Let's interpret the source code of GCC 5.1
We'll try to understand what happens on -O100, since it is not clear on the man page.
We shall conclude that:
anything above -O3 up to INT_MAX is the same as -O3, but that could easily change in the future, so don't rely on it.
GCC 5.1 runs undefined behavior if you enter integers larger than INT_MAX.
the argument can only have digits, or it fails gracefully.
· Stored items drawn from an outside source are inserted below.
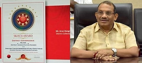 नांदेड : जिल्हा प्रशासनाच्यावतीने जिल्ह्यातील ग्रामीण भागात कर्करोगासंदर्भात जनजागृती निर्माण व्हावी यासंदर्भात राबविलेल्या मोहिमेला अखिल भारतीय पातळीवरील ‘डिस्ट्रीक्ट गव्हर्नन्स स्कोच अर्वाड’ देवून गौरव केला आहे. तत्कालीन जिल्हाधिकारी अरुण डोंगरे यांच्या टिमने मिळविलेल्या या यशाबद्दल पालकमंत्री अशोक चव्हाण यांनी ही मोहिम यशस्वी करणाऱ्या जिल्हा प्रशासनातील अधिकारी व कर्मचाऱ्यांचे अभिनंदन केले आहे.
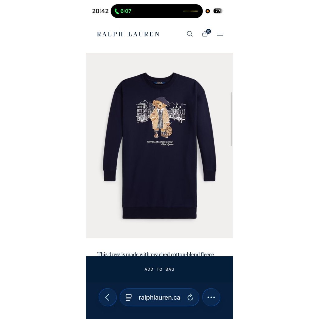 Home Polo RL Girl Bear Fleece Sweatshirt Dress
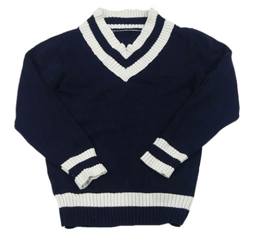 Tmavomodro-bílýý pletený sveter s pruhmi
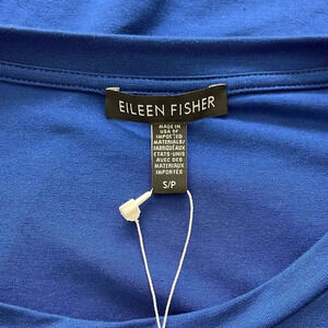 Eileen Fisher tunic in fine stretch Tencel. Crew neckline. Half sleeves. Draped fit. Mid thigh length. Tencel lyocell/spandex. Machine wash.
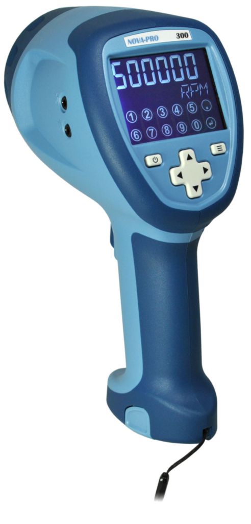 Nova-Pro 300 Stroboscope^ Nova-Pro 300 Stroboscope, Includes: integral laser module, standard Li-ion battery pk, battery charging station with interchangeable wall plug, operation manual/NIST certificate, Display: 6 Digit Numeric/5 Digit Alphanumeric LCD with touch pad, Tachometer Mode: 0-999,999RPM
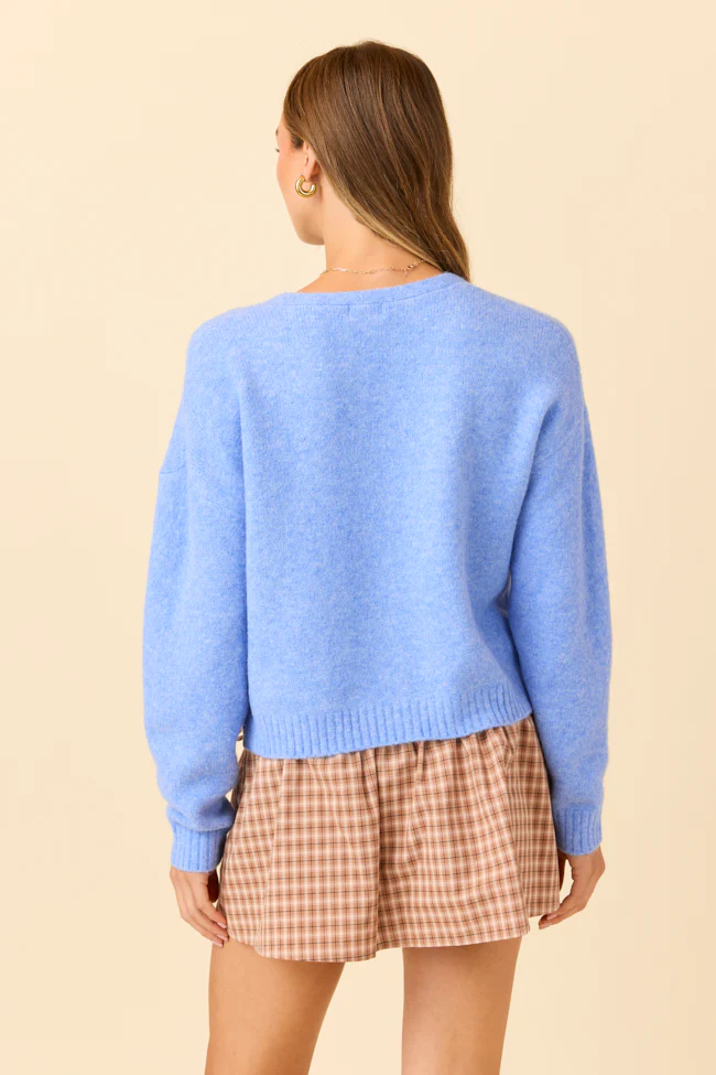 Just Imagine It Light Blue Bow Crewneck Long Sleeve Sweatshirt
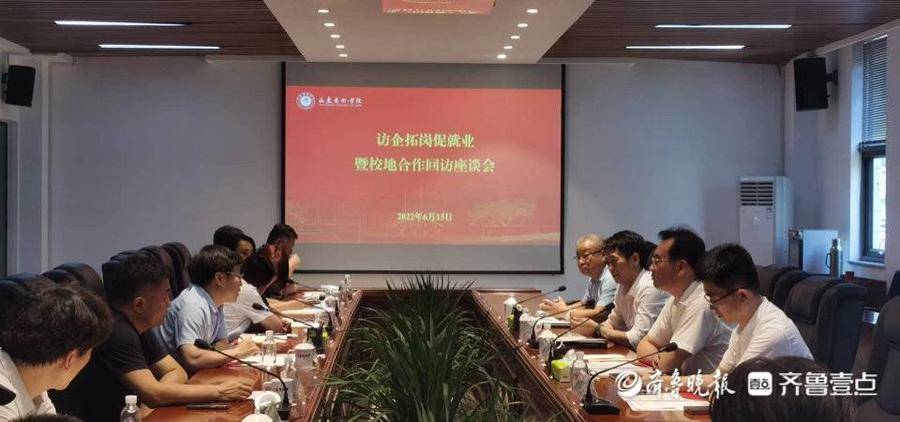 6月15日,山东艺术学院“访企拓岗促就业”专项行动回访交流座谈会在长清校区举行。威海市教育局总督学、党组成员王存宝,山东艺术学院党委副书记杨西国出席座谈会。

In particular, this excludes negative integers like -O-1
Focus on subprograms
First remember that GCC is just a front-end for cpp, as, cc1, collect2. A quick ./XXX --help says that only collect2 and cc1 take -O, so let's focus on them.
And:
gcc -v -O100 main.c |& grep 100
gives:
COLLECT_GCC_OPTIONS='-O100' '-v' '-mtune=generic' '-march=x86-64'
/usr/local/libexec/gcc/x86_64-unknown-linux-gnu/5.1.0/cc1 [[noise]] hello_world.c -O100 -o /tmp/ccetECB5.
so -O was forwarded to both cc1 and collect2.
O in common.opt
common.opt is a GCC specific CLI option description format described in the internals documentation and translated to C by opth-gen.awk and optc-gen.awk.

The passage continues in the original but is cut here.